Mimi Sheraton at NYU

When Mimi Sheraton entered NYU in 1943, the student body was much reduced in enrollment thanks to the draft and women outnumbered men, a reversal of the prewar norm.

Because her father knew a Jewish woman who was making $125 a week as a copywriter and even had her own secretary, Sheraton enrolled in the School of Commerce, Accounts and Finance, the forerunner of the prestigious Stern School of Business, which back then, Sheraton writes, offered “crap” courses in copywriting, typography, layout, marketing, media and research, along with survey courses in the liberal arts. She majored in marketing and minored in journalism. Since most of her teachers were working professionals, classes generally ended at 1 PM allowing her spend her afternoon exploring the Village which would become her lifelong home. She and her friends took liberal arts elective courses in the afternoon and evening to justify staying late in the city. In her freshman year she continued working part-time at the cosmetics counter at A&S and, through the university, conducting surveys for marketing research firms, which she frequently faked.

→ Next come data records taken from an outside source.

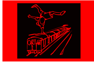
Into the Heights

immigrants living in New York City's Washington Heights area, through the eyes of the local bistro owner. It's the prequel to Westside Story. Group-rate tickets are $44 per person. Optional après-show dinner at a nearby restaurant. To sign up for the show and dinner, please email Norma at njreck@cs.com .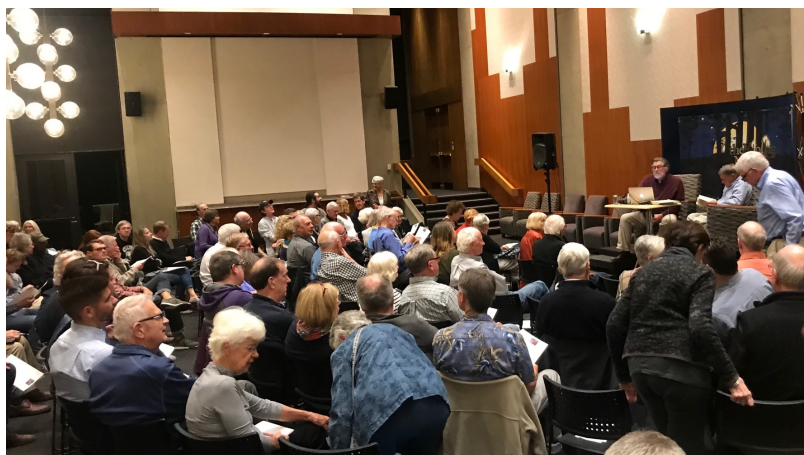
Kindlings Muse at Walker Ames room in Kane Hall at University of Washington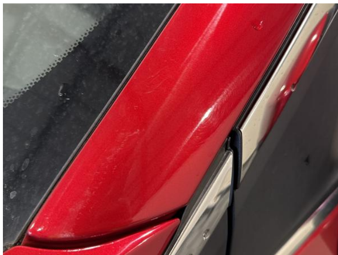
4: A Post ns Scratched Up To 25mm Thru Paint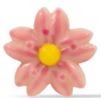
Sakura 78326 (120 pcs)

In her sophomore year she hung out with a campus big shot, Irv Hochberg, who took her to restaurants and nightclubs.

Sheraton eloped in the summer of 1945, after her sophomore year. In 1946 she was a married woman completing her NYU education at night and working as an advertising copywriter while her husband, a returning veteran, studied at Long Island University in downtown Brooklyn under the GI Bill. Her parents continued to pay her tuition.